Cain, a retired Atlanta businessman, is more prominently known for being the former CEO of Godfather’s Pizza and former member of the Federal Reserve Bank of Kansas City board of directors. He has never held public office — he unsuccessfully ran for U.S. Senate in 2004 — but extensive experience in business has helped him develop strategies to set the U.S. back on track, if elected president, he said Monday.

Speaking colloquially, Cain said the nation needs to reform programs instead of continually funding them, must develop a strategy to become independent on foreign oil and has to secure U.S. borders to control immigration.

“I would give Arizona a medal for trying to protect themselves,” he said amid applause, referring to Arizona’s controversial immigration proposals under state Gov. Jan Brewer.

“Secure the border,” he said. “Empower the states to do what the federal government will not and cannot do.”

Though he did not elaborate, Cain also said he is developing a strategy for energy efficiency.

Cain formally entered the presidential race May 21, after weeks of alluding to the intention. He was a surprising favorite among some political pundits following the May 5 GOP debate in South Carolina, and has found considerable favor among tea party movements nationwide, and the social and religious conservative community, who share Cain’s strong pro-life views — which include encouraging “alternative organizations who won’t encourage, won’t help [pregnant women] get an abortion.”

However, Cain has also picked up momentum with those in the establishment Republican camp.
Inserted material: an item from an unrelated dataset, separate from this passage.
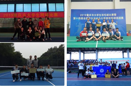 5月,在“2019年重庆市大学生羽毛球比赛暨第十四届全国学生运动会大学组羽毛球选拔赛”中,我校荣获甲组团体总分第三名的成绩,其中孔德辰荣获甲组男子单打冠军;孔德辰、何勇荣获甲组男子双打冠军,比赛成绩取得历史性突破。同月,在“2019重庆市大学生田径锦标赛”中,我校田径运动队在70余所高校较量中,突破历时获得男子、女子团体第三名的成绩。11月,在“2019重庆市大学生网球比赛”中,夺得团体第六名。黄鹏在男子单打比赛中,表现抢眼稳定发挥,最终夺得单打第三名,实现历史性突破。
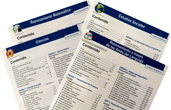 Entre los libros que tienen contenidos de todas las materias esta el de STECK-VAUGHN aun cuando es de la versión pasada, los contenidos y temas son parte de los temas que se recomienda estudiar para el nuevo examen. ESTE LIBRO NO LO COMPREN EN AMAZON, PORQUE LO VENDEN SUMAMENTE CARO, si lo encuentrar a menos de $30 dólares vale la pena, sino traten de buscarlo en una biblioteca y alquilarlo.

In his native Georgia — also the residence state of fellow Republican candidate former U.S. House Speaker Newt Gingrich — Cain is leading the candidate pack, including two-to-one over Gingrich, according several Georgia-based media outlets, citing a state poll released last week.

“Polls to me and my team are barometers,” Cain said. “The barometer — and what I mean by that is — we look at it to see if it’s getting hotter or colder, not the absolute position, and the fact that I’m moving up in the polls says that my name ID is going up. We need to be able to measure that. So, we use it as a metric to measure how effective our strategies are and our tactics, and right now, they’re working pretty good.”
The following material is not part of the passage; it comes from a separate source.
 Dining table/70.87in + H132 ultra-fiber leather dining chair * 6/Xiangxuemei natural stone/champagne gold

And while Cain has come under fire for recent remarks that he would not appoint a Muslim to his administration if elected, Cain said he would appoint an openly gay individual, given the person “basically [believes] in the Constitution of the United States of America, so yep, so I don’t have a problem appointing an openly gay person.”

Cain, however, shares Vander Plaats’s and The Family Leader’s stance that marriage should be between one man and one woman, adding, “the institution of a family, as you all know, is Biblical.”